In the entries below, begin at the line that has "Деревянная фоторамка для", stop after the line that has "Those words also", and output those lines exactly with no pictures.

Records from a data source
-.-.-

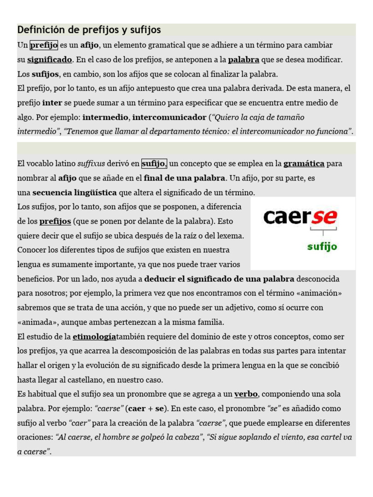 sufijo al verbo “caer” para la creación de la palabra “caerse”, que puede emplearse en diferentes
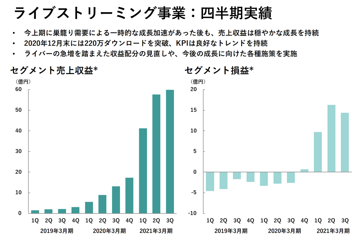 下記はDeNA社のIR資料ですが、ライブ配信事業が急成長していることが分かります。
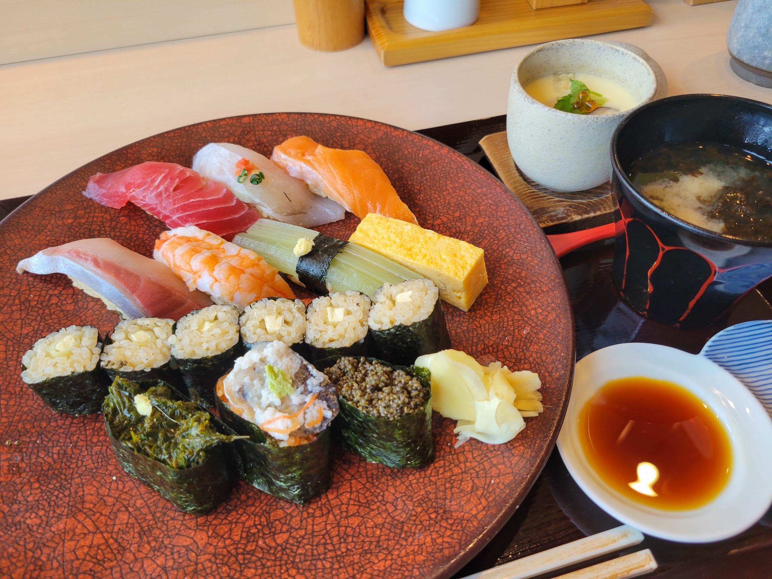 お得なランチメニュー。駅ナカなのに値段も手頃だと感じました。秋田港大漁ランチと、日本酒飲み比べにしようと注文したら、飲み放題をすすめられました。
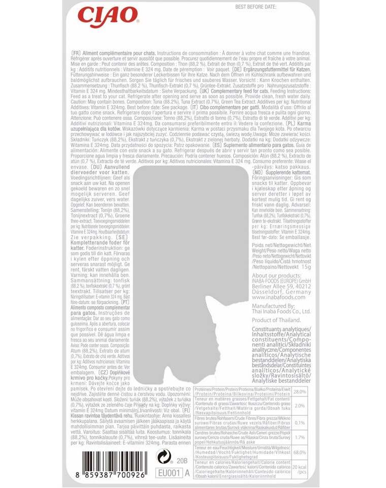 Zloženie: tuniak (88,2 %), extrakt z tuniaka (0,7 %), extrakt zo zeleného čaju
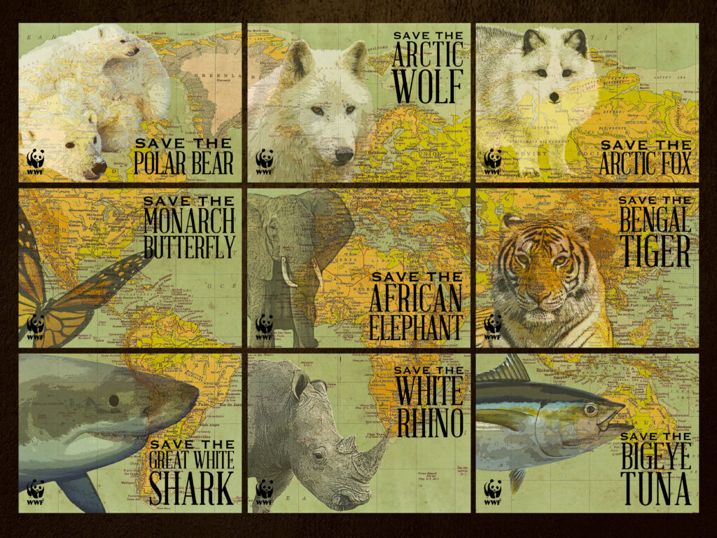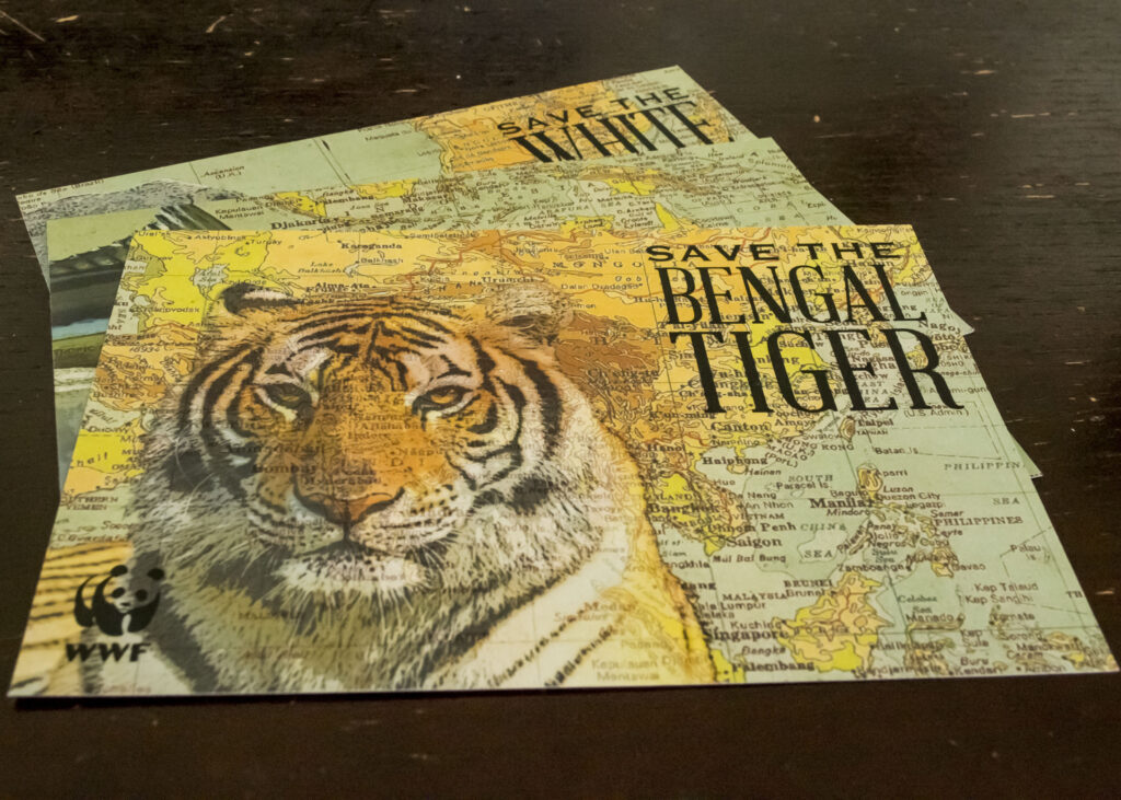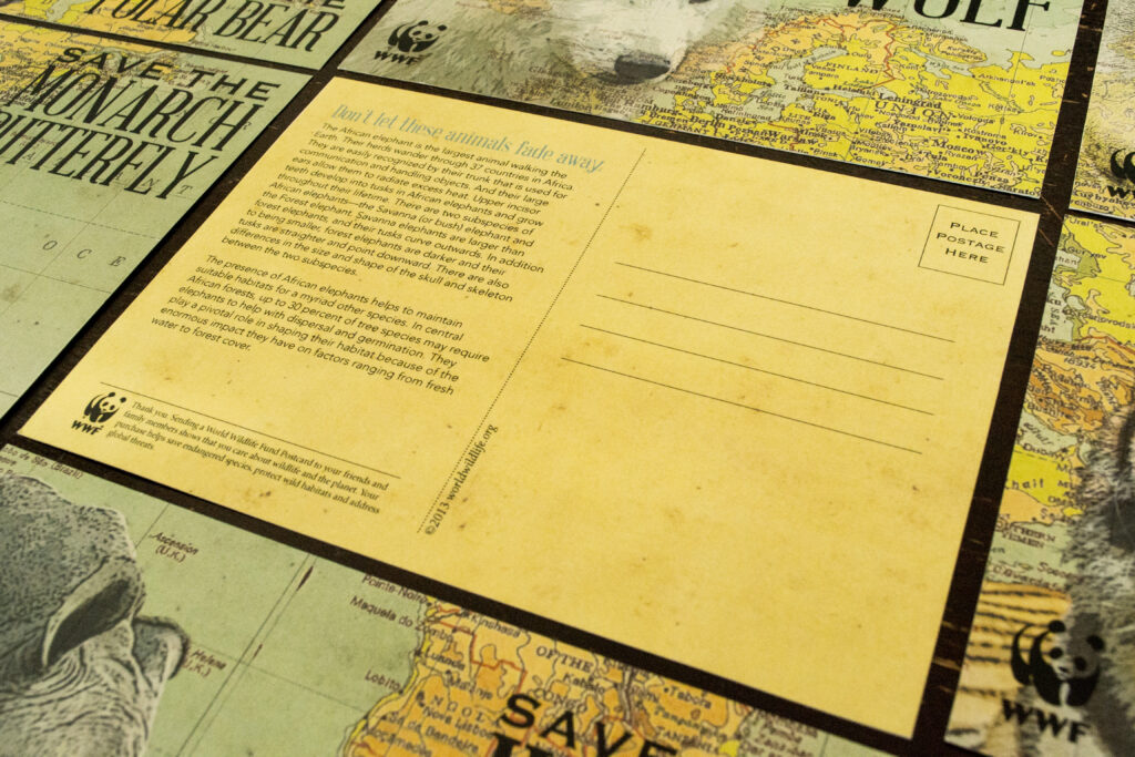 These nine postcards were created as a collector’s edition with the World Wildlife Fund’s Endangered Species List in mind. Each card features an endangered species and the location of its habitat. When all of the cards are arranged together, they form a complete world map.
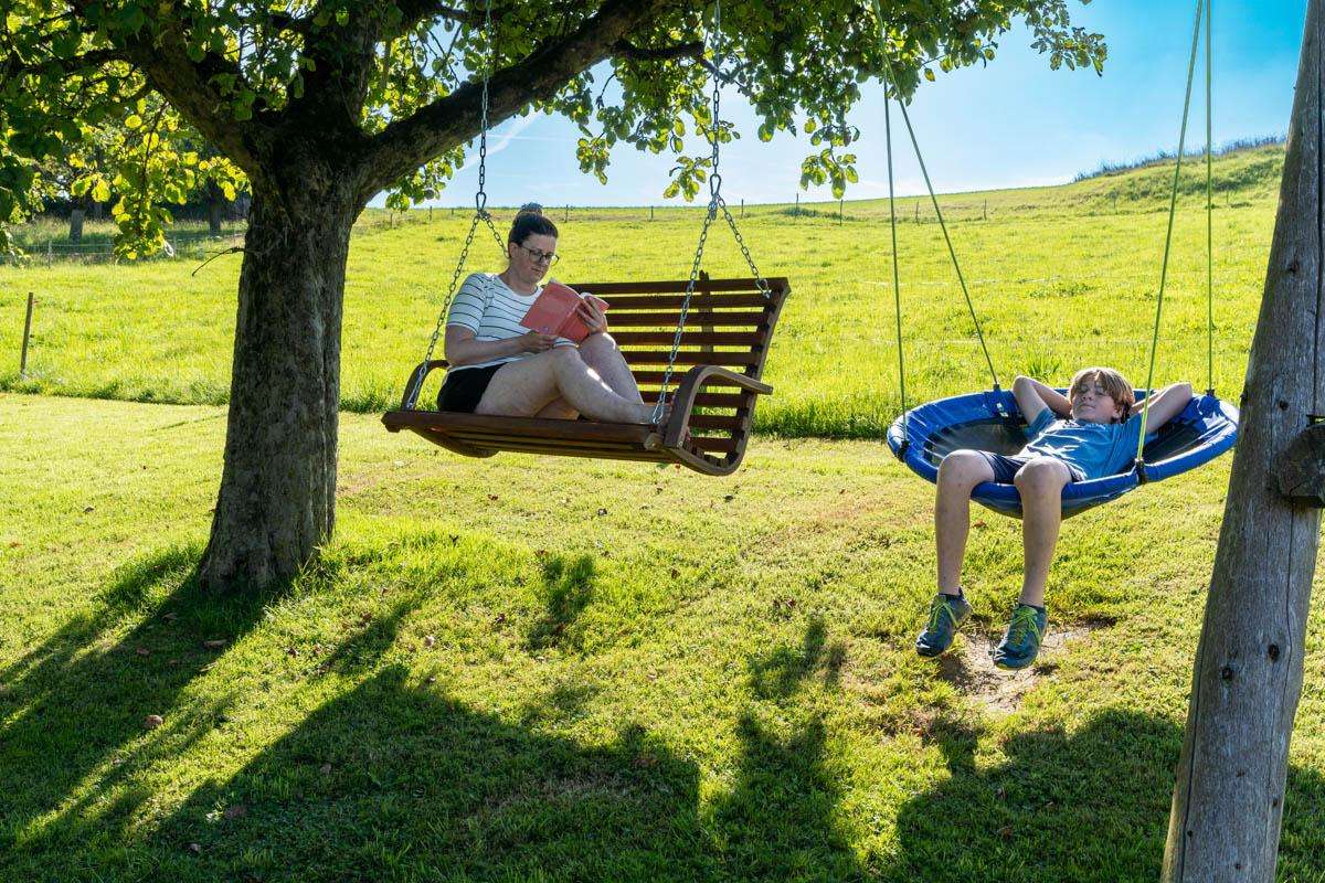 Die heimelige Grillstelle am Waldrand lädt zu einem köstlichen Barbecue ein, bevor Sie den Abend entspannt im warmen Hot-Pot ausklingen lassen. Die Umgebung lädt zu Spaziergängen, Velotouren und Wanderungen ein.
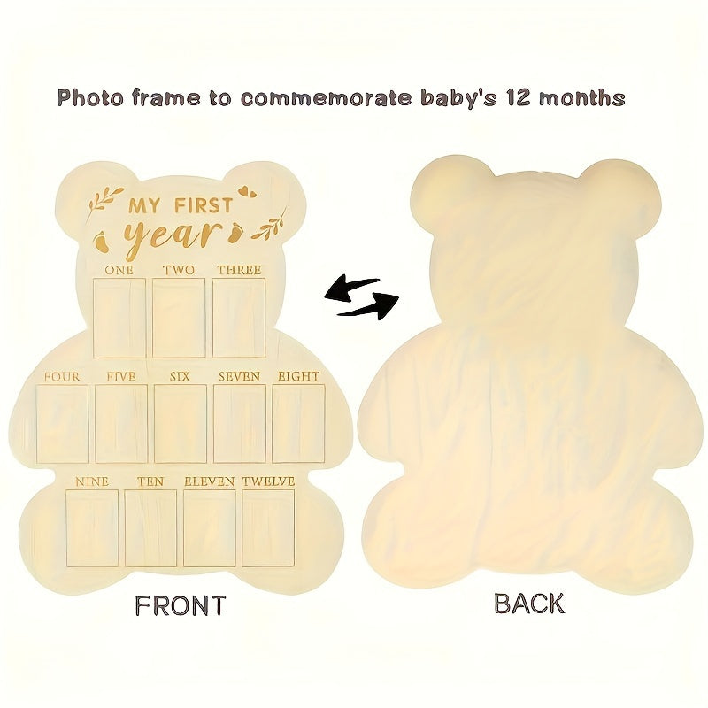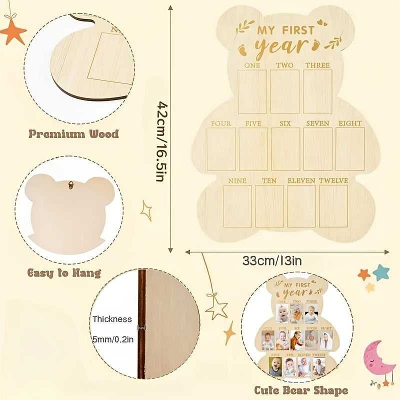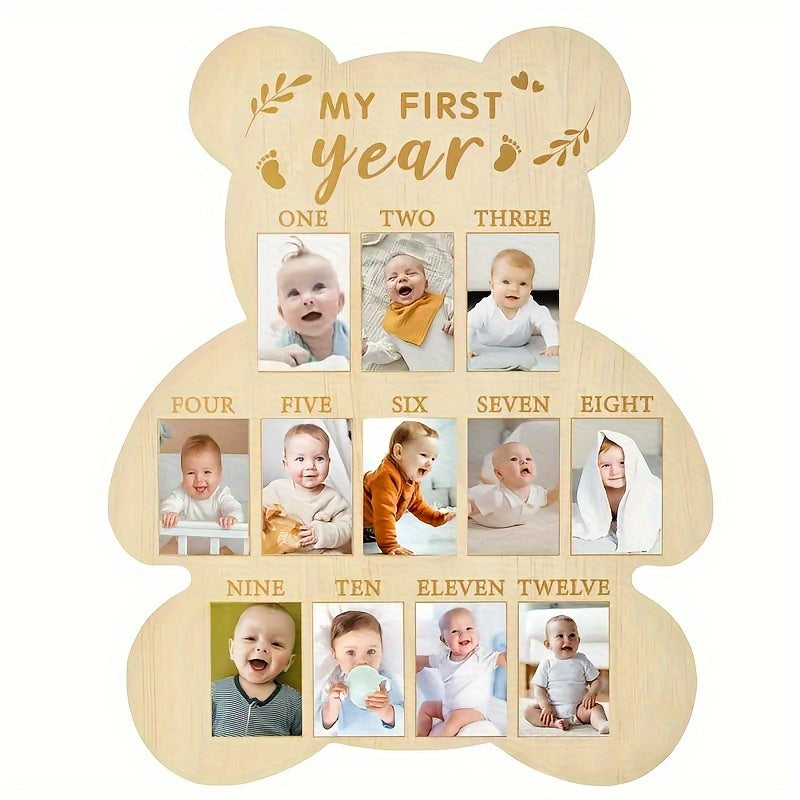 Деревянная фоторамка для первого года с полированной отделкой - вертикальная рамка для постеров в форме медведя для декора детской и календаря в гостиной - милый подарок на первое день рождения для детей от 14 лет - праздник прибытия - 1 шт.
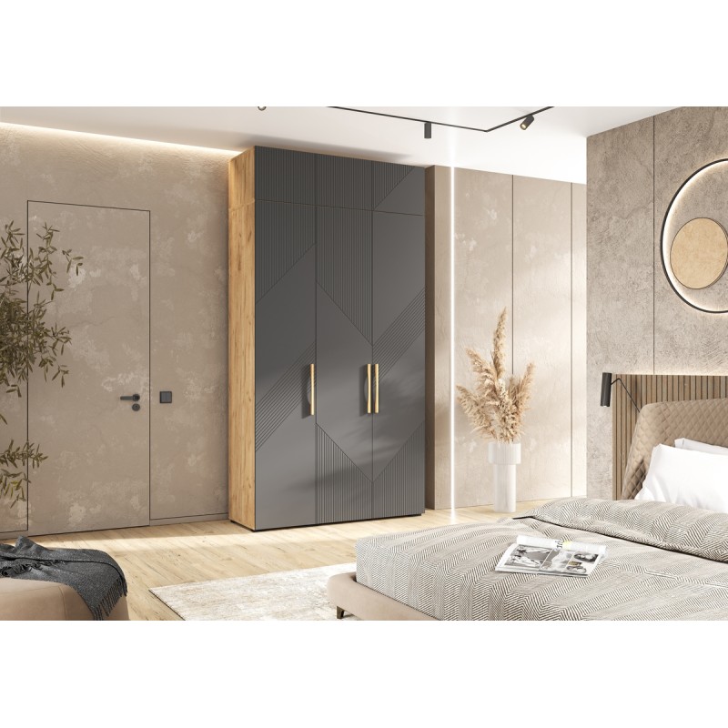 Шкаф 3-х. дв. арт.24.79.22 фасад МДФ браш графит/каркас ЛДСП дуб крафт 1350х506хh2600мм Ирис
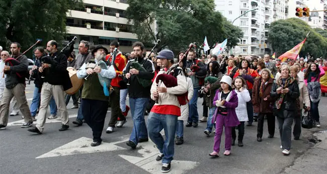 Los españoles marcharon al son de las gaitas por las calles de Buenos Aires.
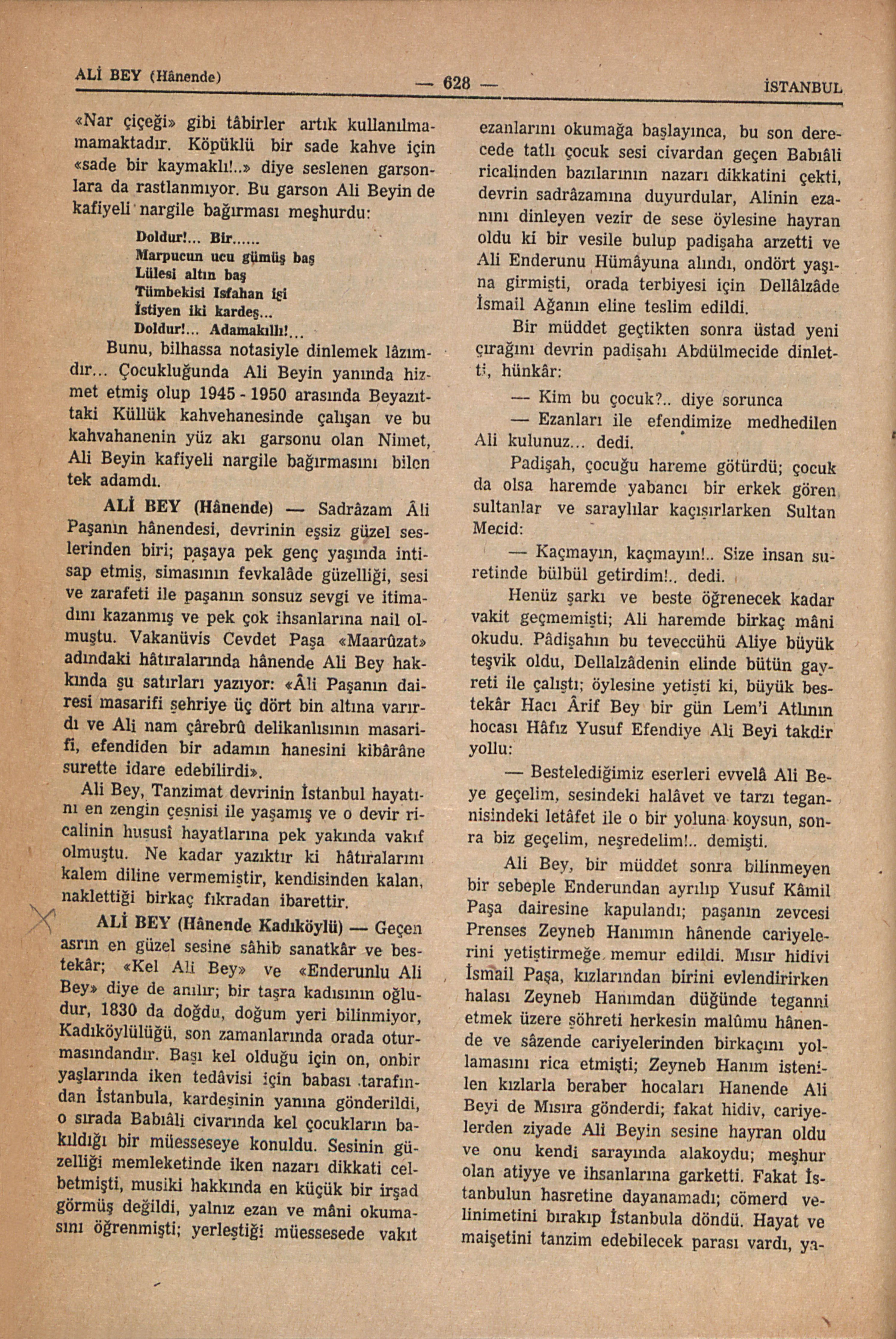 Sadrâzam Âli Paşanın hânendesi, devrinin eşsiz güzel seslerinden biri; paşaya pek genç yaşında intisap etmiş, simasının fevkalâde güzelliği, sesi ve zarafeti ile paşanın sonsuz sevgi ve itimadını kazanmış ve pek çok ihsanlarına nail olmuştu. Vakanüvis Cevdet Paşa «Maarûzat» adındaki hâtıralarında hânende Ali Bey hakkında şu satırları yazıyor: «Âli Paşanın dairesi masarifi şehriye üç dört bin altına varırdı ve Ali nam çârebrû delikanlısının masarifi, efendiden bir adamın hanesini kibârâne surette idare edebilirdi». Ali Bey, Tanzimat devrinin İstanbul hayatını en zengin çeşnisi ile yaşamış ve o devir ricalinin hususî hayatlarına pek yakında vakıf olmuştu. Ne kadar yazıktır ki hâtıralarını kalem diline vermemiştir, kendisinden kalan, naklettiği birkaç fıkradan ibarettir.
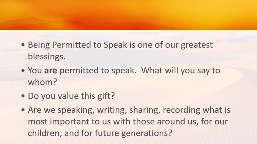 Those words also stop me in my tracks. Ye are permitted to speak. What a gift!!
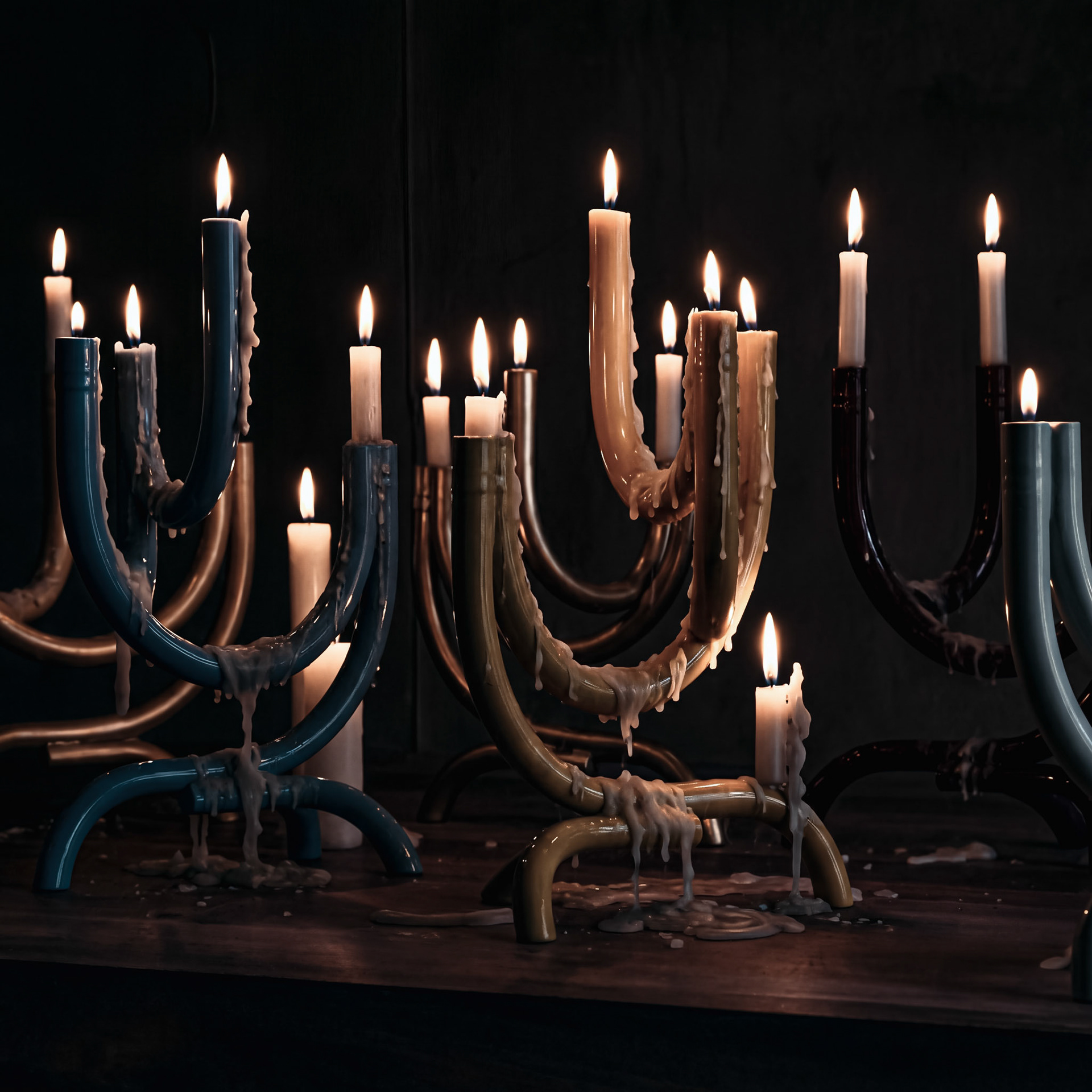 La colección BRO es una serie de candelabros de acero electropintado que desafía la rigidez del mobiliario convencional mediante un sistema de empalmes verticales articulados que permiten una interacción lúdica y constante con el usuario. El diseño se centra en la capacidad de ajustar manualmente la proximidad entre las velas, transformando la silueta tubular de colores vibrantes en una escultura dinámica que modula tanto la densidad de la luz como la composición visual del espacio. Al combinar una estética industrial minimalista con un mecanismo de rotación preciso, BRO trasciende su función de soporte para convertirse en un ejercicio de diseño sobre la cercanía, el ritmo y la geometría variable en el entorno doméstico.

-.-.-

— Solution for this problem —
 Деревянная фоторамка для первого года с полированной отделкой - вертикальная рамка для постеров в форме медведя для декора детской и календаря в гостиной - милый подарок на первое день рождения для детей от 14 лет - праздник прибытия - 1 шт.
 Шкаф 3-х. дв. арт.24.79.22 фасад МДФ браш графит/каркас ЛДСП дуб крафт 1350х506хh2600мм Ирис
 Los españoles marcharon al son de las gaitas por las calles de Buenos Aires.
 Sadrâzam Âli Paşanın hânendesi, devrinin eşsiz güzel seslerinden biri; paşaya pek genç yaşında intisap etmiş, simasının fevkalâde güzelliği, sesi ve zarafeti ile paşanın sonsuz sevgi ve itimadını kazanmış ve pek çok ihsanlarına nail olmuştu. Vakanüvis Cevdet Paşa «Maarûzat» adındaki hâtıralarında hânende Ali Bey hakkında şu satırları yazıyor: «Âli Paşanın dairesi masarifi şehriye üç dört bin altına varırdı ve Ali nam çârebrû delikanlısının masarifi, efendiden bir adamın hanesini kibârâne surette idare edebilirdi». Ali Bey, Tanzimat devrinin İstanbul hayatını en zengin çeşnisi ile yaşamış ve o devir ricalinin hususî hayatlarına pek yakında vakıf olmuştu. Ne kadar yazıktır ki hâtıralarını kalem diline vermemiştir, kendisinden kalan, naklettiği birkaç fıkradan ibarettir.
 Those words also stop me in my tracks. Ye are permitted to speak. What a gift!!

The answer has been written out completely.